Phase 3: (Optional) Swap the red and green pieces.

  1. If you wish to swap the top and bottom rows, this can be done by the move sequence L R' L R' L.

Solution for numbered side:

I will number the positions in the same way as the numbers shown in the solution, so for example position 2 is the spot where piece 2 is supposed to end up at in the solved position, namely the middle spot of the top row. The table below is a handy guide:
123
4567
890

Phase 1: Solve pieces 3, 5 and 0.

  1. Bring piece 3 to position 3. This is trivially easy.
  2. Bring piece 5 to position 0 without disturbing piece 3. This may be done as follows:
    1. If piece 5 lies at 5 or 7, do R L R'.
    2. Turn L to bring piece 5 to position 6.
    3. Do R L R'.
  3. Bring piece 0 to position 0, and 5 to position 5. This may be done as follows:
    1. If piece 0 lies at 5 then do R L4 R' L R L2 R' to dislodge it.
    2. If piece 0 lies at 7 then do R2 L R4 to dislodge it.
    3. Turn L to bring piece 0 to position 4.
    4. Do R L4 R'.

Phase 2: Solve pieces 1, 6 and 8.
Note that in this phase we turn the R disk only through 120 degrees. This way 3, 5, 0 remain in their positions, except possibly cycled around. Once 1, 6, 8 are correct, a single turn can put 3, 5, 0 back again.

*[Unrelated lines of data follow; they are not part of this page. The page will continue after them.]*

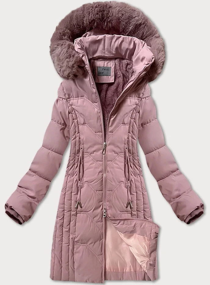 Zimní bunda v pudrově růžové barvě s odepínací kapucí model 21248733 - S'WEST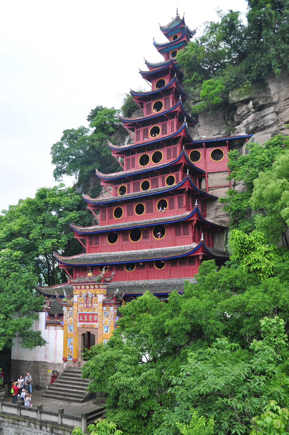 全寨共分兩部分,山下9層和山上3層錯(cuò)落有致,從遠(yuǎn)處眺望12層樓重檐高聳,渾然一體,宏偉壯觀,共高56米,閣內(nèi)每層石壁上均有題詠。李仁奇 攝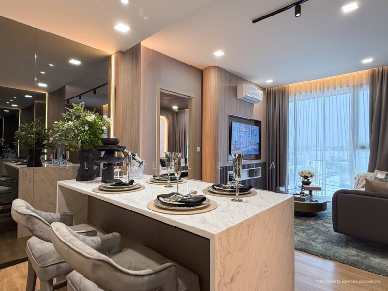 Located on the 4th floor, the 79.75 sq.m. unit offers a stunning Aqua Park view from the private balcony, creating a refreshing resort-like atmosphere. The interior features a modern, bright design with an open layout that lets in plenty of natural light.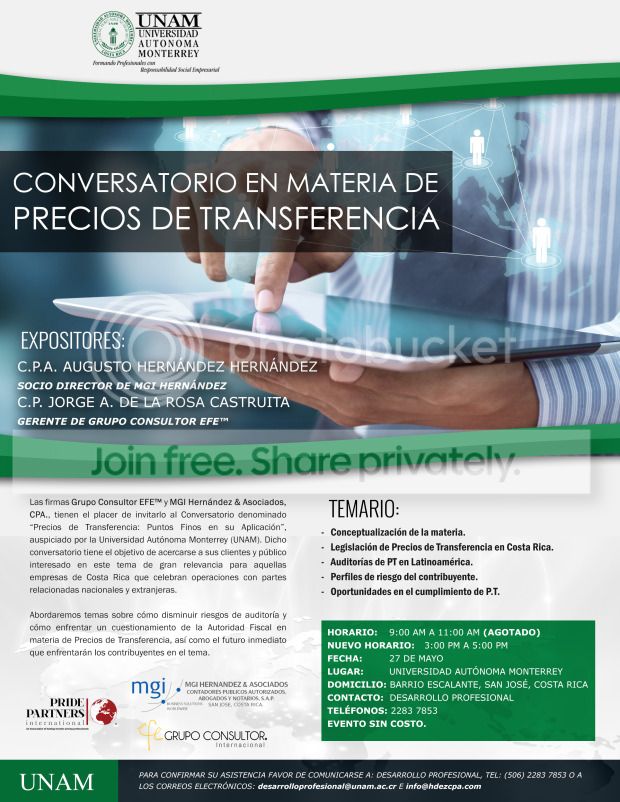 El día 27 de mayo del presente, en la ciudad de San José, Costa Rica, y en alianza con laUniversidad Autónoma de Monterrey y la firma internacional MGI Costa Rica, celebramos el Taller Precios de Transferencia: Puntos finos en su aplicación, mismo que fue impartido por el Director Centroamericano de Grupo Consultor EFE, el C.P.I. Jorge De la Rosa.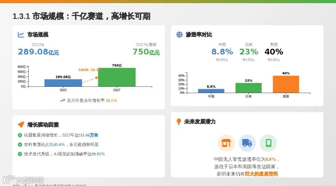 2022 年中国自动售货机市场规模达 289.08 亿元,机器数量 111.66 万台,近六年复合年增长率 26.1%,其中饮料售货机占比 43.4%;2024 年无人零售整体销售额突破 434.3 亿元,预计 2027 年将达 750 亿元,自动售货机在快消品零售中的占比将从 2024 年的 1% 提升至 8%(头豹 / 弗若斯特沙利文)。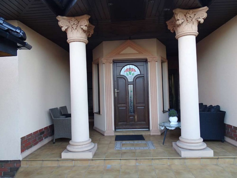 Zamontowane są okna PCV dwu kolorowe, które posiadają rolety zewnętrzne aluminiowe, a na podłogach znajdują się parkiety oraz kafle ceramiczne. Ściany i sufity są gipsowane. Kuchnia jest umeblowana meblami na wymiar i jest wyposażona w sprzęt agd.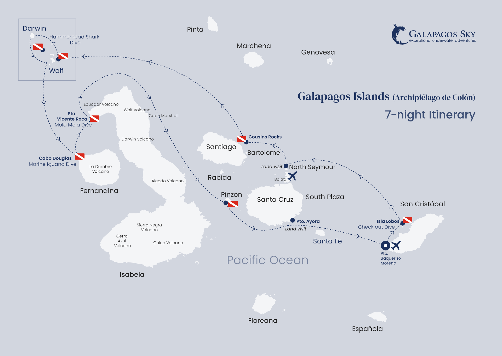 On the 7-night cruise, we spend 3 full days at Wolf & Darwin, on the 10-night cruise we spend 5 days at Wolf & Darwin. On the 10-night cruises we also have an additional day that allows us to dive at Cabo Marshall / Roca Blanca which is not on the 7-night itinerary. All 7-night cruises embark and disembark from San Cristobal SCY. All 10-night cruises embark and disembark from different islands. Example: Embark San Cristobal SCY and disembark on Santa Cruz/Baltra GPS or Embark Santa Cruz/Baltra GPS and disembark San Cristobal SCY.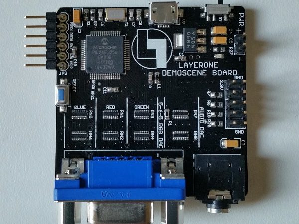 I designed, built, and manufactured a USB programmable board which allows you to write graphics & music demos and play them over a VGA monitor and audio jack. There are limited system resources and the goal is to write code and fit spectacular graphics effects with songs. You can write code in either ASM or C. One of the categories for the demo party is the Layerone Demoscene Board. The goal is to fit cool graphics and audio demos and to wow the audience at the Layerone Demo Party!

  1. Bring piece 1 to position 1. If piece 1 lies at 7, do R4 L', otherwise just turn L until it is in position.
  2. Bring piece 6 to position 8 without disturbing piece 1. This may be done by first bringing it to position 7. If piece 6 does not lie at 7 then:
    1. Do either L' or L4 to bring 6 to either position 2 or position 9.
    2. Do R2 or R4 to bring piece 6 to position 7.
    3. Turn the L disk to put 1 back in place.
    Now piece 6 can be put at position 8 by doing L' R2 L.
  3. Bring piece 8 to position 8, and 6 to position 6. This may be done as follows:
    1. If piece 8 lies at 6 then do L R4 L R4 L R4 L to dislodge it.
    2. If piece 8 lies at 7 then skip 3-5 and go to step 6.
    3. Turn L to bring piece 8 to position 2.
    4. Do R2, so that piece 8 lies at 7.
    5. Turn L to bring 1 back to its position, undoing the turn of step 3.
    6. Do L' R2 L to put 6 and 8 correct.
  4. If necessary, turn R to bring 3, 5, 0 back to their positions.

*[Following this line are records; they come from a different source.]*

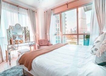 business_amenities: Гостям предоставляются следующие услуги и удобства: хранение багажа и лифт. Предоставляется бесплатная самостоятельная парковка. rooms: Располагайтесь с комфортом в этой квартире с индивидуальным декорированием. У вас будет кухня с полноразмерным холодильником или морозильником и духовкой. У вас в номере будет 60-дюйм. телевизор Smart TV со спутниковыми каналами, а также бесплатный беспроводной доступ к интернету. В номере есть микроволновая печь и кофеварка/чайник. location: Апартаменты находится в районе Центр Дубая, Дубай. Фонтан Дубай и Dubai Mall расположены в 5 минутах езды на автомобиле. Этот Апартаменты — вариант с прекрасным расположением: Burj Khalifa находится в 3 км, Дубайский аквариум и подводный зоопарк — в 5,1 км от него. headline: Дубай (Центр Дубая)
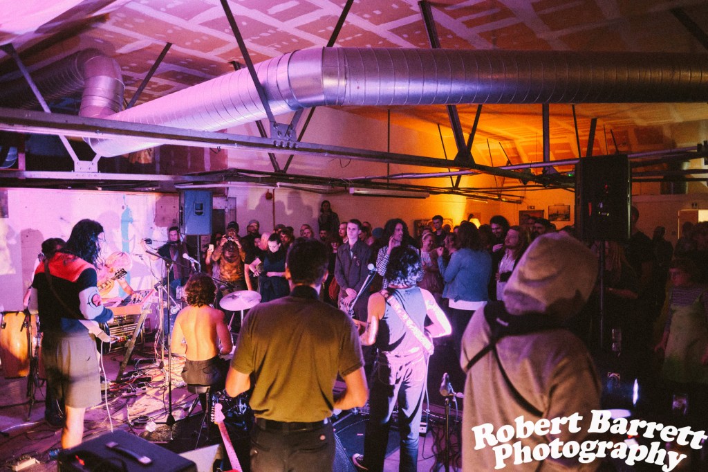 A last minuet switch in venue had moved the gig from Fargo Village to the Litten Tree. The strange site of gig goeres were mixed in with the Coventry regulars pre gig making the most of the cheap pints. I still wasn’t sure what to expect until getting up the stairs, where we were greeted with an incredible new space full of artwork.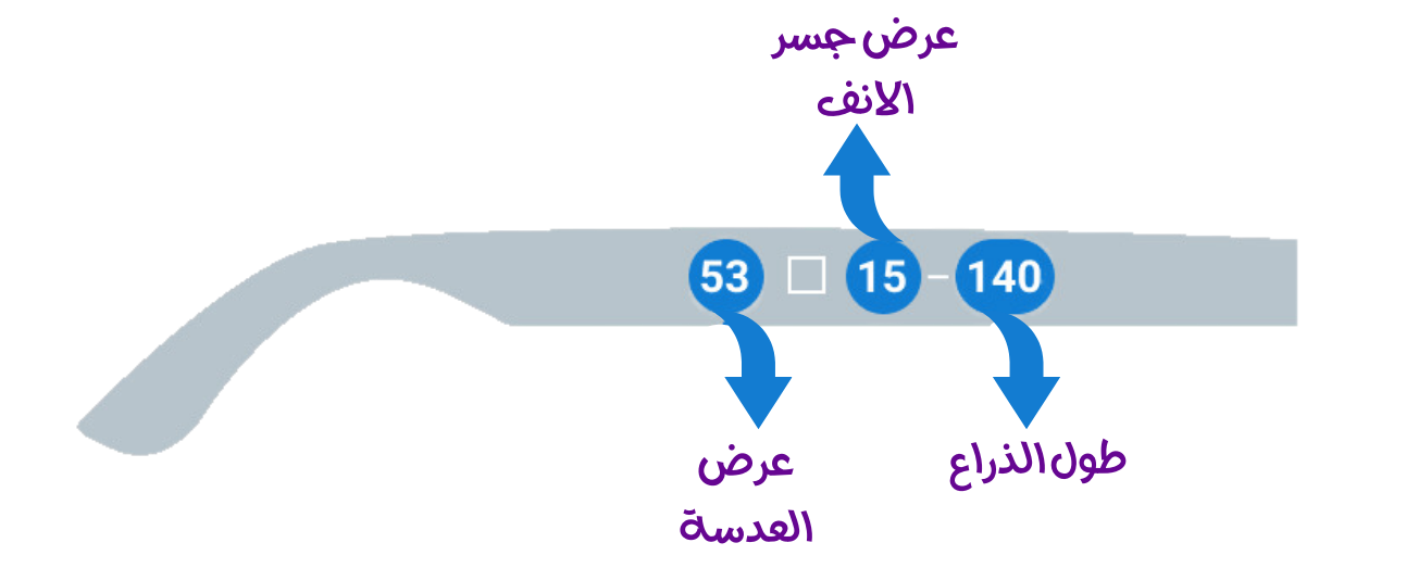 إذا كان طفلك يمتلك نظارة بالفعل، يمكنك معرفة مقاس إطاره بسهولة. ما عليك سوى أن تلقِ نظرة داخل إحدى الأذرع، حيث ستجد أرقامًا. تُعبر هذه الأرقام عن عرض العدسة وعرض جسر الأنف وطول الذراع بكل سهولة كما هو موضح بالصورة,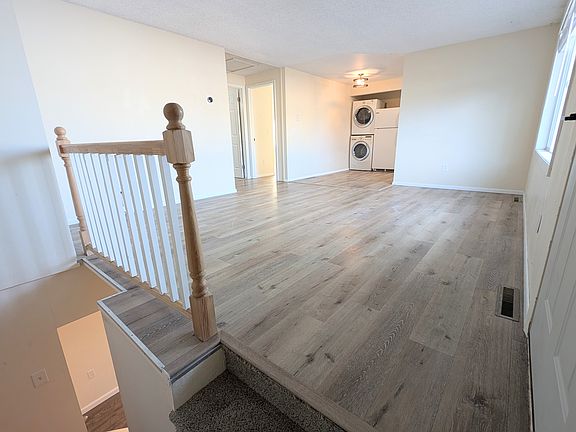 Spacious 4 bedroom, 2 full bath, 2 story unit. Two large living rooms, smart thermostat, fiber internet hookups (but internet not included in rent), keyless entry. Very well insulated to reduce heating and cooling costs. All appliances included including the stacked washer and dryer and extra refrigerator. No other furnishings. Luxury vinyl plank flooring throughout, two lower bedrooms are carpeted. Off-street paved parking next to the house accessed by the alley.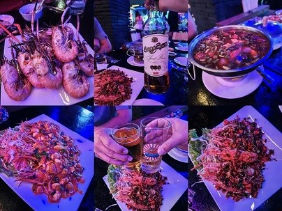 环境没的说,推荐吃晚饭。在露天河边位置坐下,来 泰国 必点的就是冬阴功汤,橙红色的汤汁酸辣开胃,香茅、柠檬叶和高良姜的气息扑面而来。大虾肉质弹牙紧实,辣度刚够唤醒味蕾,紧接着咖喱鸡配薄饼、生腌螃蟹、青木瓜 沙拉 、炸蘑菇、菠萝饭(必点)一道道尝起来,还带有驻唱,最好提前订位哦。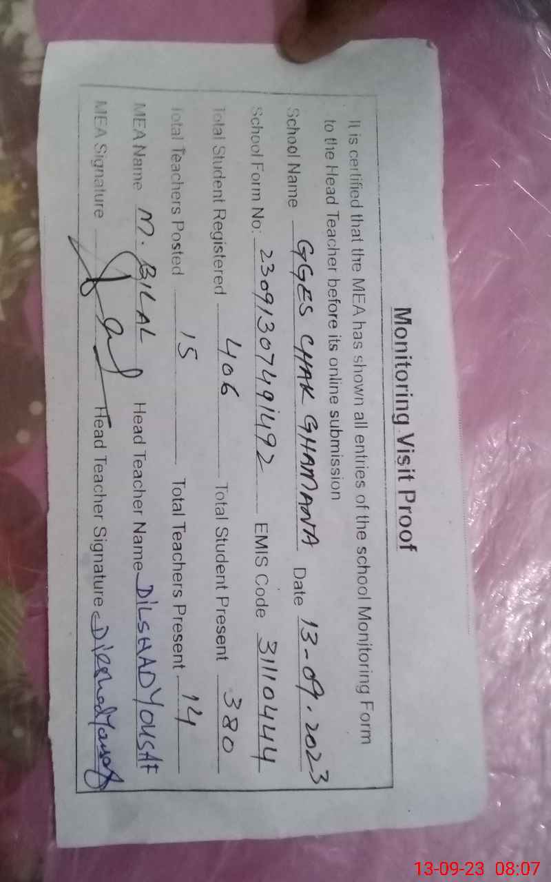 | EMIS Code: 31110444 | Name of School: GGES CHAK GHUMANA | |||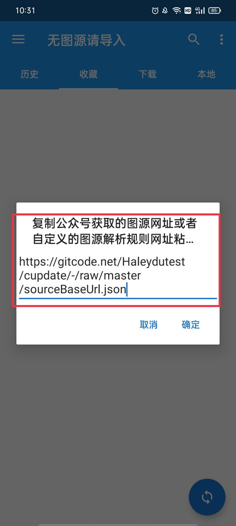 1、同样还是打开app,这时会弹出一个复制公众号……等等提示,将第三方图源网址复制到这里。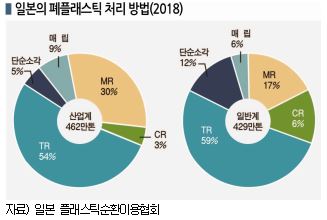 2017년에는 775만톤, 2018년에는 750만톤을 기록한 가운데 TR(Thermal Recycling)에 502만톤, MR(Material Recycling)에 208만톤, CR(Chemical Recycling)에 39만톤을 투입했다.

Phase 3: Solve pieces 2, 4, 7 and 9.

  1. If piece 4 is not already in position, then:
    1. Turn R until piece 4 lies at 7.
    2. Do L4 R2 L2.
    3. Turn R to bring 3,5,0 back into position, undoing the turn of step 1.
  2. If piece 2 is at position 7, then do L4 R' L2 R4 L2 R' L4, but if piece 2 lies at position 9 then do L2 R L4 R2 L4 R L2. Now piece 2 should be correct.
  3. To swap pieces 7 and 9, do L' R L2 R L R' L R L R L4 R L'.